* Exercise: Word for word, please restate each record and pass over the pictures.

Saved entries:
•••••

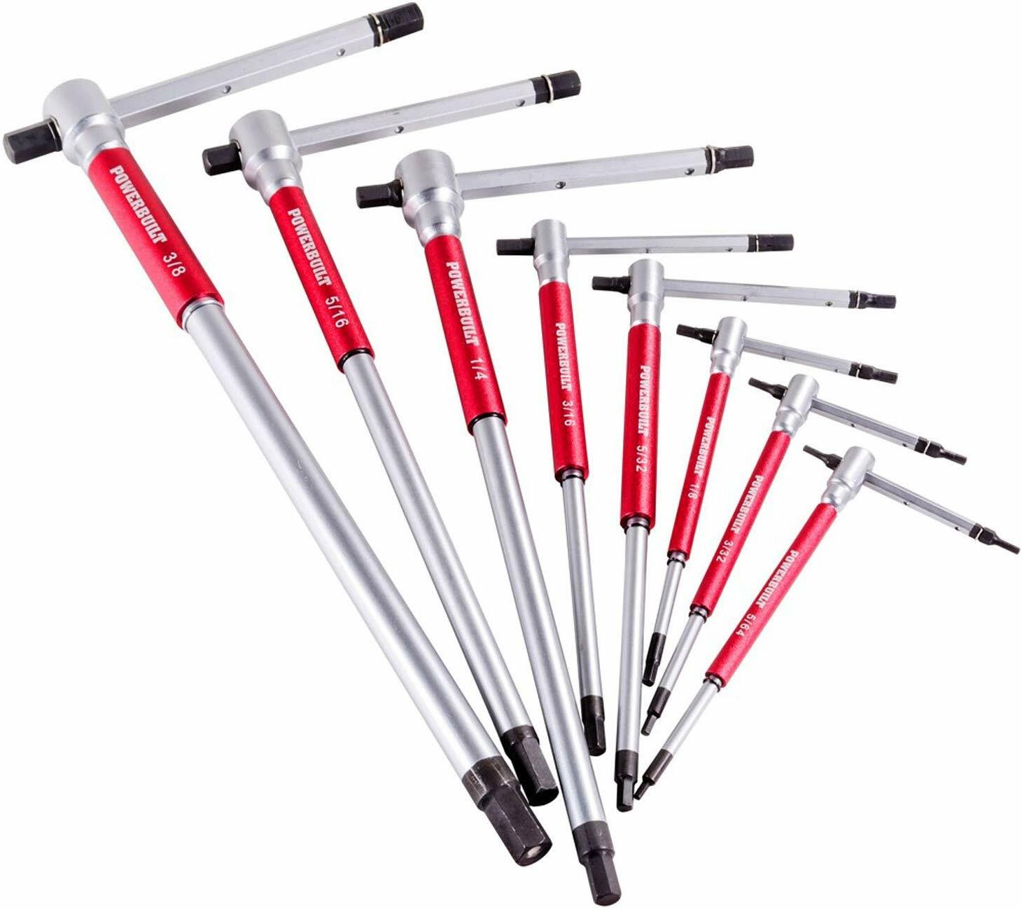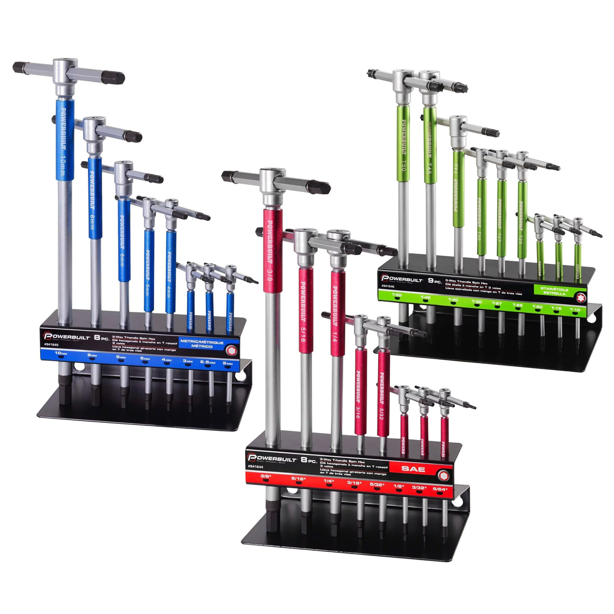 Powerbuilt寶力優工具T型板手採用鉻釩鋼製造,特殊鋁合金套柄,可以快速的轉動板手,輕易的鎖緊或鬆開六角螺絲。T型六角板手快脫轉換裝置,一秒變身L型板手。Powerbuilt寶力優工具專利三頭結構設計,使用起來更是無往不利。扳手附帶的存儲架,可將其固定在工作台上或掛在釘板上與工具箱中。
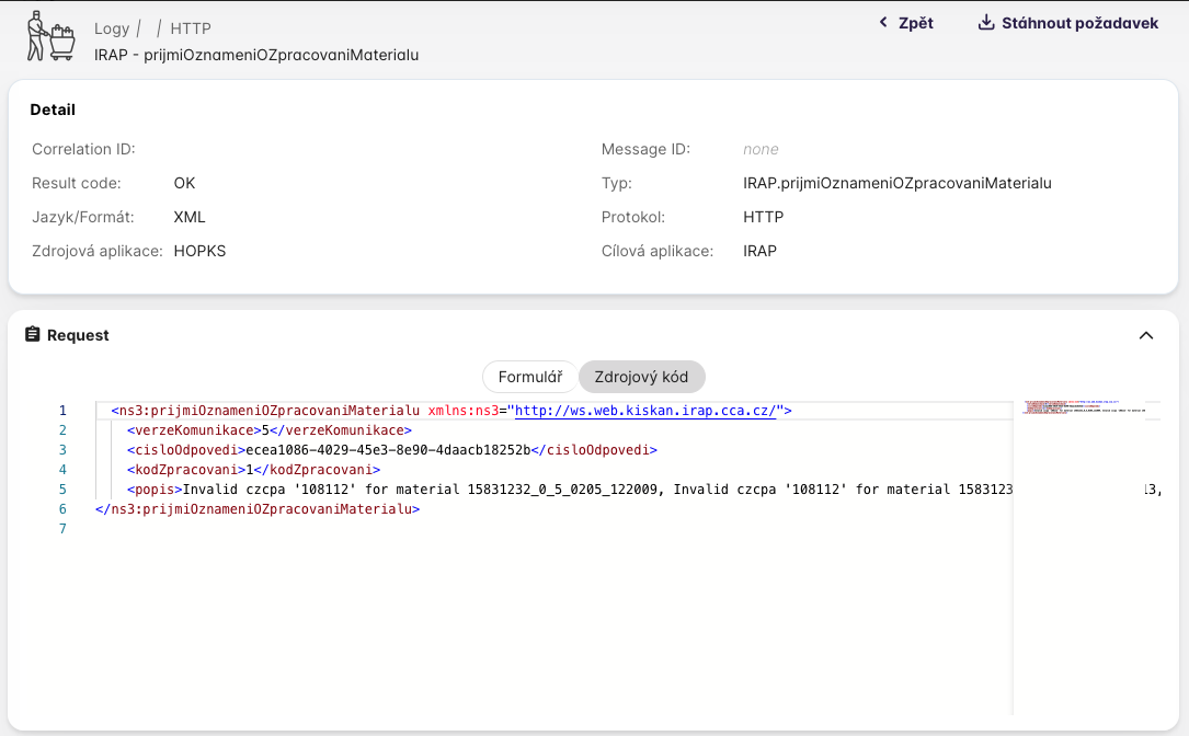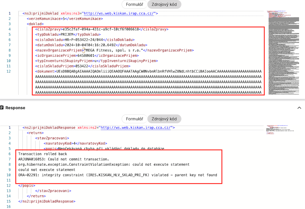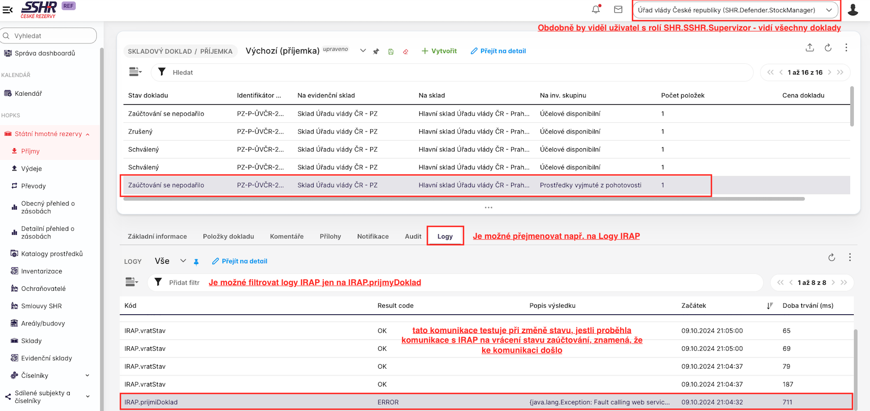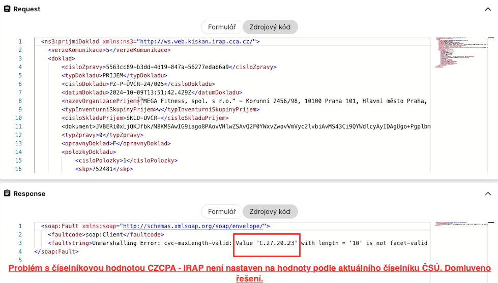 Po rozkliknutí error logu - důvod nezaúčtování, odpověď IRAP, problém s číselníkem CZCPA. dnes představeno řešení.
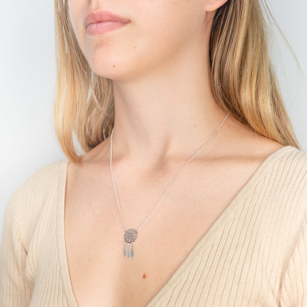 Sterling Silver Fancy Dreamcatcher Pendant With 45cm Chain
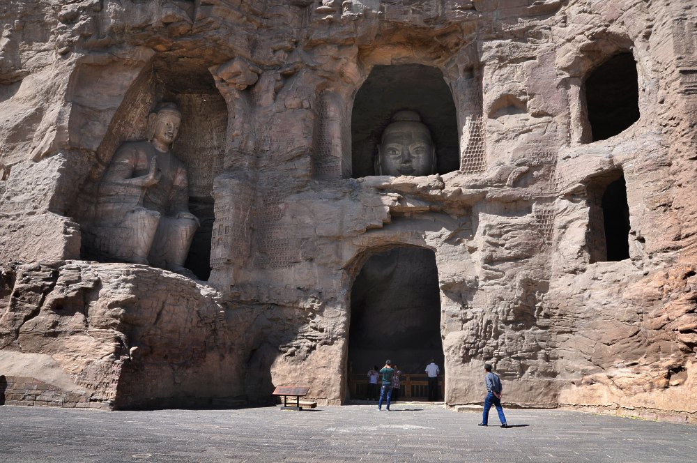Les falaises ont été petit à petit "évidées", laissant les statues dans une sorte de prison.
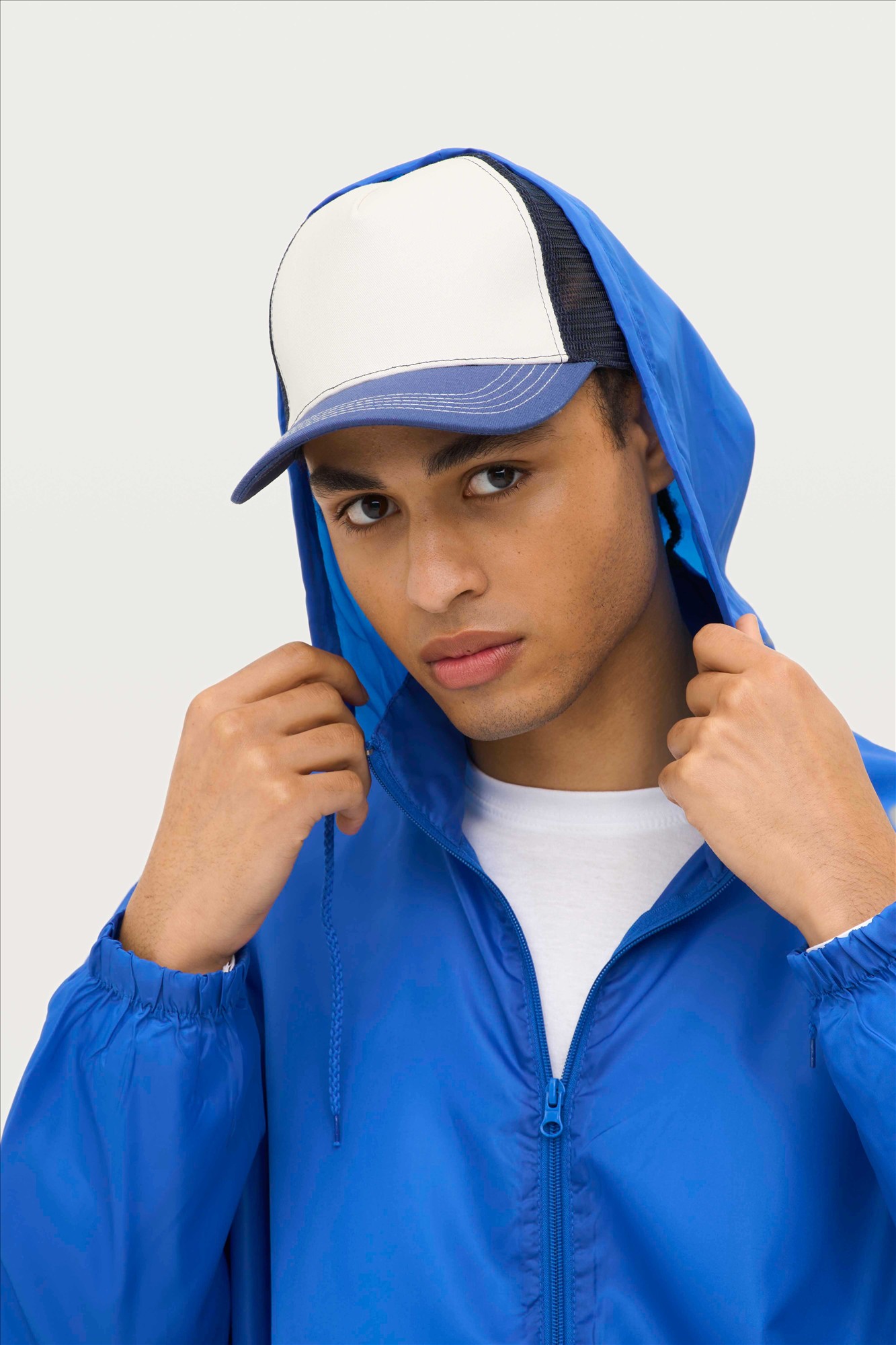 Regenjas oranje Unisex windbreaker. Opvouwbare capuchon in kraag met rits. Aansnoerkoord in capuchon en zoom. Twee steekzakken met ritssluiting. Elastische manchetten. Winddicht. Waterafstotend. Perfect voor een droog bezoekje aan een festival. Maar ook handig om over je party outfitje heen te doen tijdens de carnaval of andere party. Zo hou je party outfitje lekker droog! Foto's met model erop is een sfeer foto kleur buiten beschouwing houden.
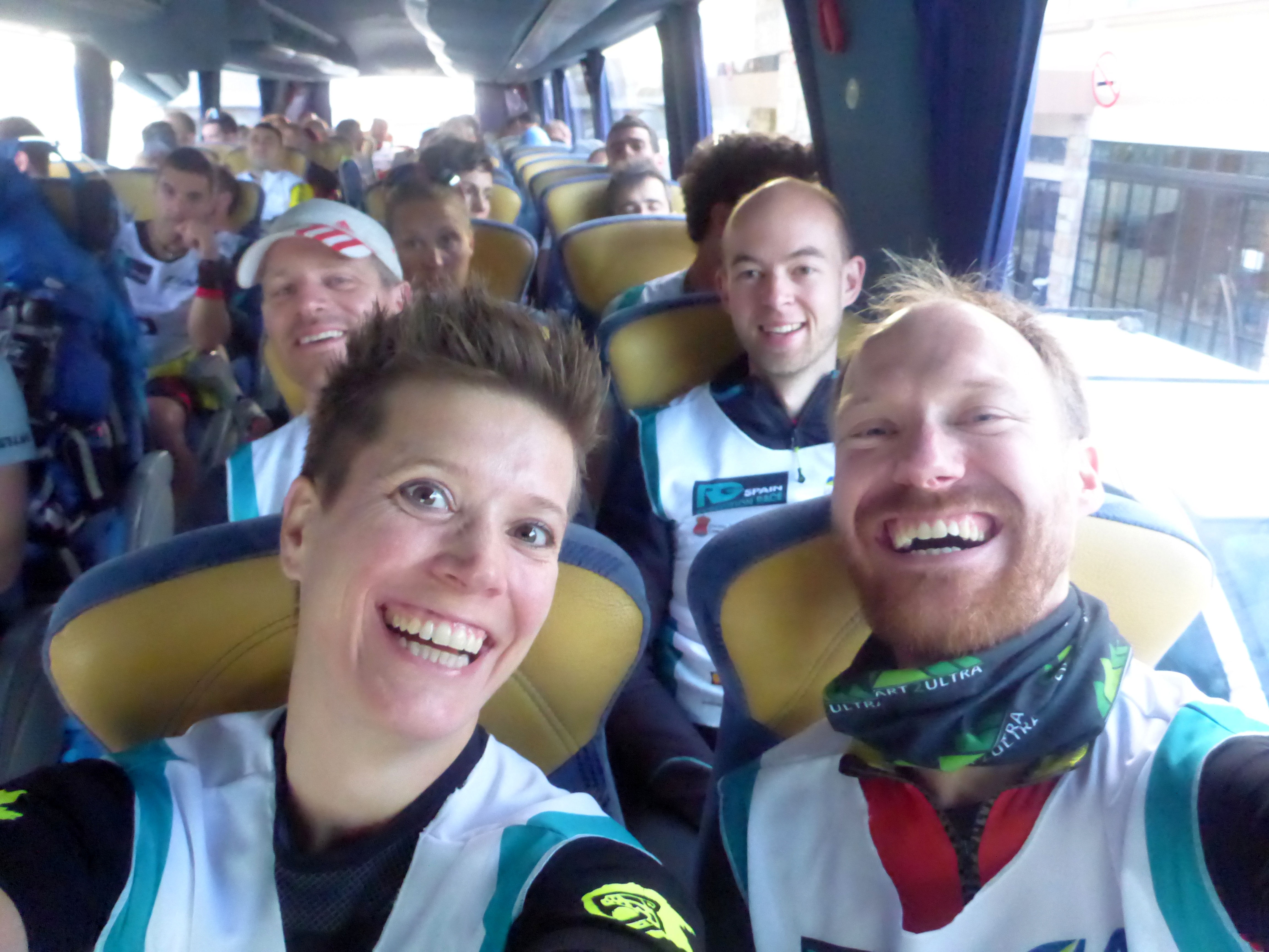 Aangekomen in Spanje hadden niet alle mountainbikes het gooi en smijt werk van de Jerommekes van het vliegveld overleefd. En zo stond de dag voor de race in het teken van de zoektocht naar een fietsenmaker. De eerste en grootste fietsenwinkel was precies vanaf die dag voorgoed gesloten en de tweede fietsenwinkel volgens google maps was geen fietsenwinkel meer. Onze laatste optie was een mini mountainbike verhuur, maar wie het kleine niet eert… Met gebaren probeerden we duidelijk te maken wat er aan de hand was, en deze man bleek een uitermate bedreven fietsenmaker. Kabel naar het derailleur werd vervangen en het derailleurpad werd bij gebogen en opnieuw afgesteld. Er kon weer geschakeld worden, toch wel fijn voor 300km met 10.000hm op de mountainbike! Met werkende mountainbikes konden we in alle rust de overige voorbereidingen en verplichtingen van de organisatie doorlopen. Nog een laatste goede nachtrust en om 08.00u stapten we in de bus naar de startlocatie.

•••••

* Result of the task:
 Powerbuilt寶力優工具T型板手採用鉻釩鋼製造,特殊鋁合金套柄,可以快速的轉動板手,輕易的鎖緊或鬆開六角螺絲。T型六角板手快脫轉換裝置,一秒變身L型板手。Powerbuilt寶力優工具專利三頭結構設計,使用起來更是無往不利。扳手附帶的存儲架,可將其固定在工作台上或掛在釘板上與工具箱中。
 Po rozkliknutí error logu - důvod nezaúčtování, odpověď IRAP, problém s číselníkem CZCPA. dnes představeno řešení.
 Sterling Silver Fancy Dreamcatcher Pendant With 45cm Chain
Les falaises ont été petit à petit "évidées", laissant les statues dans une sorte de prison.
 Regenjas oranje Unisex windbreaker. Opvouwbare capuchon in kraag met rits. Aansnoerkoord in capuchon en zoom. Twee steekzakken met ritssluiting. Elastische manchetten. Winddicht. Waterafstotend. Perfect voor een droog bezoekje aan een festival. Maar ook handig om over je party outfitje heen te doen tijdens de carnaval of andere party. Zo hou je party outfitje lekker droog! Foto's met model erop is een sfeer foto kleur buiten beschouwing houden.
 Aangekomen in Spanje hadden niet alle mountainbikes het gooi en smijt werk van de Jerommekes van het vliegveld overleefd. En zo stond de dag voor de race in het teken van de zoektocht naar een fietsenmaker. De eerste en grootste fietsenwinkel was precies vanaf die dag voorgoed gesloten en de tweede fietsenwinkel volgens google maps was geen fietsenwinkel meer. Onze laatste optie was een mini mountainbike verhuur, maar wie het kleine niet eert… Met gebaren probeerden we duidelijk te maken wat er aan de hand was, en deze man bleek een uitermate bedreven fietsenmaker. Kabel naar het derailleur werd vervangen en het derailleurpad werd bij gebogen en opnieuw afgesteld. Er kon weer geschakeld worden, toch wel fijn voor 300km met 10.000hm op de mountainbike! Met werkende mountainbikes konden we in alle rust de overige voorbereidingen en verplichtingen van de organisatie doorlopen. Nog een laatste goede nachtrust en om 08.00u stapten we in de bus naar de startlocatie.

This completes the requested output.